What questions does the author ask? (4-5)
What do these pages tell us about what science is? (6-7)
What do these pages tell us about what science is? (8-9)
What do the pictures show us about science? (10-11)
Talk about weather pics on pgs. (15-16). Where do you see these things in the pictures? Have
students come up to the pictures and point.
The author asks the question again, "what is science?" What do these pages show us about
science? (Pgs. 16-19)
Target Strategy: Summarize - Help students apply the strategy to summarize. Then model my
own summary of the story.
T43 Retelling - flip chart pg. 48
Have children put the scenes on the flip chart in order and have them act out the retelling of the
poem.
During Instructional Strategies: DAY 2
Time Needed: Approximately 15-20 minutes
In the second day of working on 'What is Science?' I reread from the Big Book on the cart. As I
read the book, I stopped every two pages. I asked the students what science was, by having the
students look at and describe the pictures on the pages we had just read. The students also
explained what science is from the words we had just read. The projectable on the interactive
white board was a graphic organizer. I wrote science in the center bubble. Other bubbles
branched out from the center. As I read, and the class retold what I read, I walked over to the
interactive white board and filled in the bubbles explaining what science is.
Then, when I finished reading the book and all of the bubbles were filled in, I reviewed how to
summarize. I showed the students how I could summarize be using the information we filled in
on the graphic organizer. Then, I called on at least three students to come up to the board and
summarize what science is.

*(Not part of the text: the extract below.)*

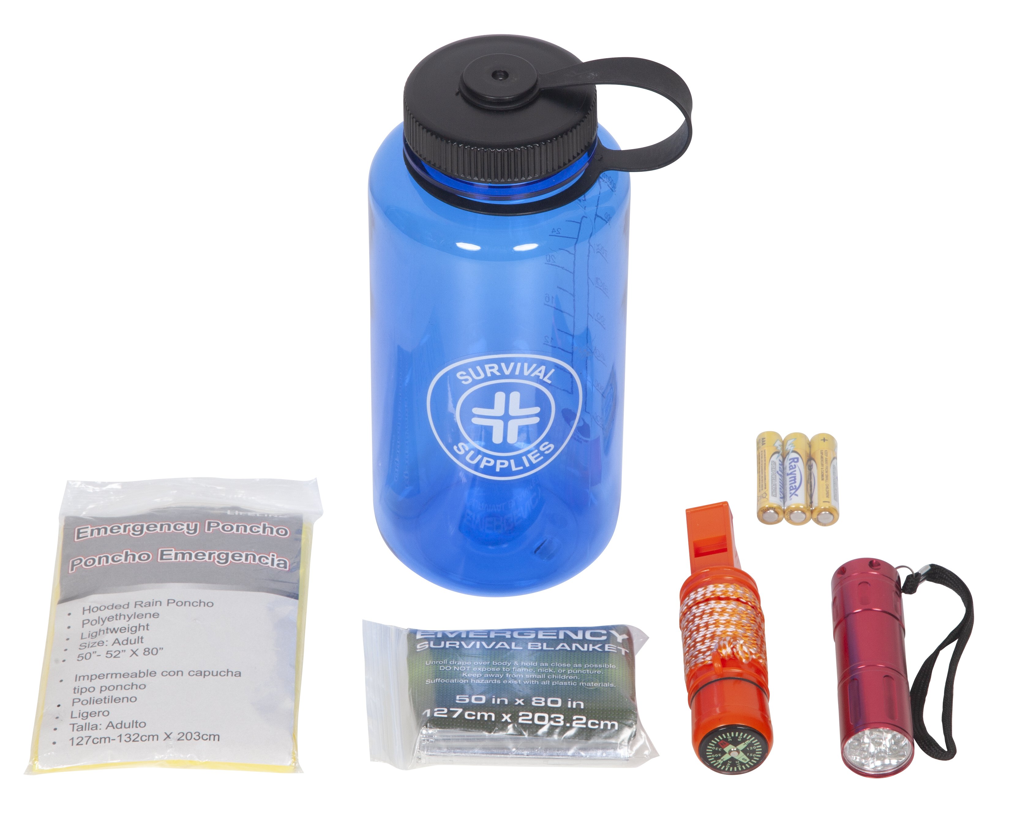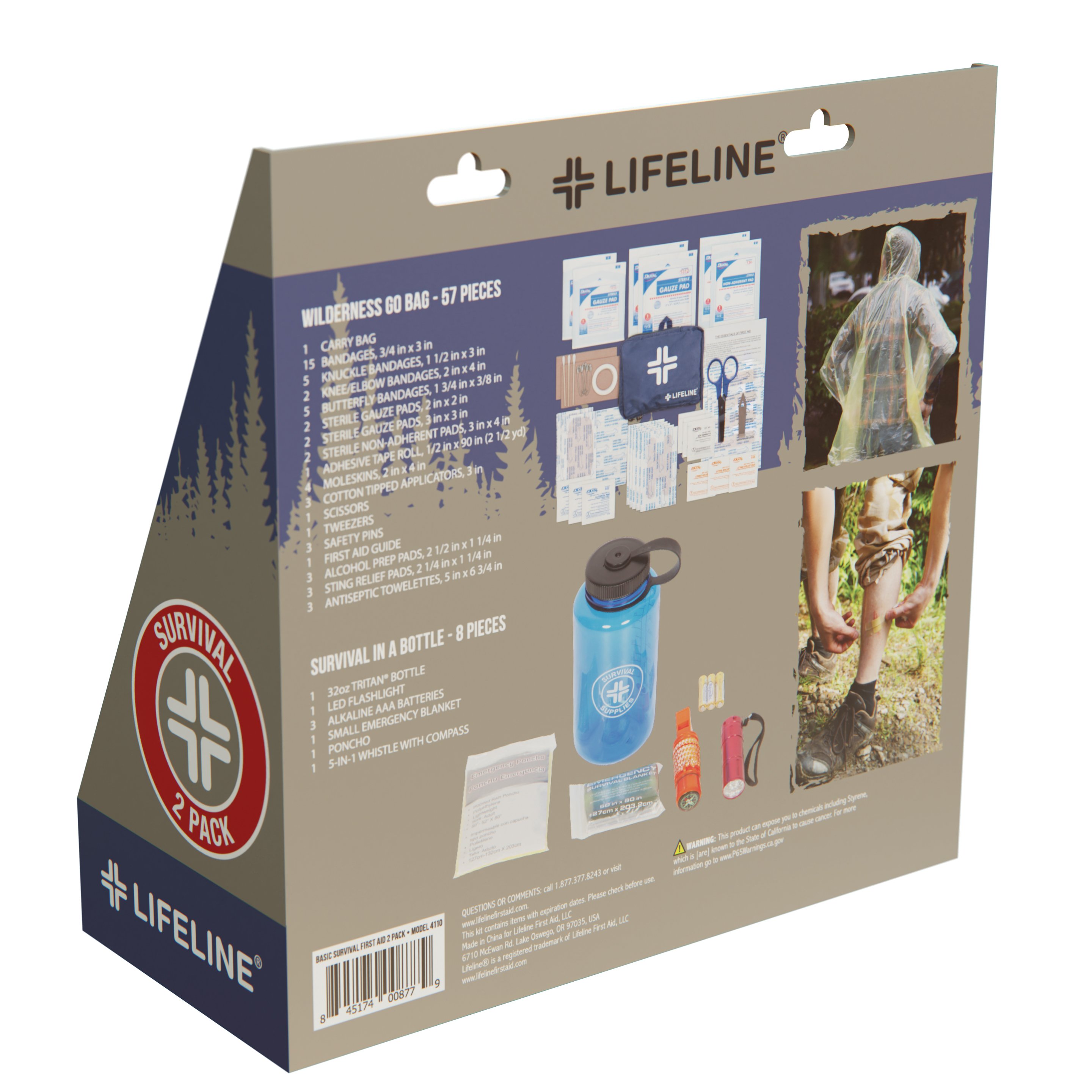 With the Lifeline Survival First Aid 2 Pack, be adequately prepared for your next adventure! Pack includes one durable 32oz Water Bottle containing multiple survival gear items such as a multi-tool, led flashlight, fishing kit, and duct tape. In addition, the pack has a first aid kit with 17 different types of first aid supplies.

The students pointed to the word science and said, "science is (and
then they chose some of the items from the bubbles and pointed to them as they spoke to the
class."

After Instructional Strategies (Closing & Additional Reinforcement/Practice)


Time Needed:
To conclude the lesson, I reviewed the concepts we had learned about details, summarizing and
about what science is.
Accommodations or Modifications needed for students with disabilities or ESOL
To accommodate the Spanish speaking student, I pointed to the pictures and asked what
science is to help prompt his thinking. (The teacher did not want Spanish spoken in the
classroom.)
To accommodate the French speaking student, I used some words in French.
To accommodate the students with disabilities, I pointed to the pictures to have them come up
with an idea of what science is.
Differentiation
When students needed help at the end to summarize, I differentiated the instruction by showing
them how to point to the center and say, "science is..." They repeated after me and then I helped
some by pointing to a bubble to prompt them with an idea.
For some students, they could retell what science was from having listened to the book. Some
students needed to be prompted by seeing pictures.
Assessment of Goals and Objectives

This lesson will be assessed based on how the students answer verbally in the retelling of the
book and in the summarization of the lesson.

How will you assess student learning in each phase? How will you provide feedback to
students?
I assessed students by listening to their answers and listening to their presentations. I provided
positive feedback when students answered questions and gave presentations.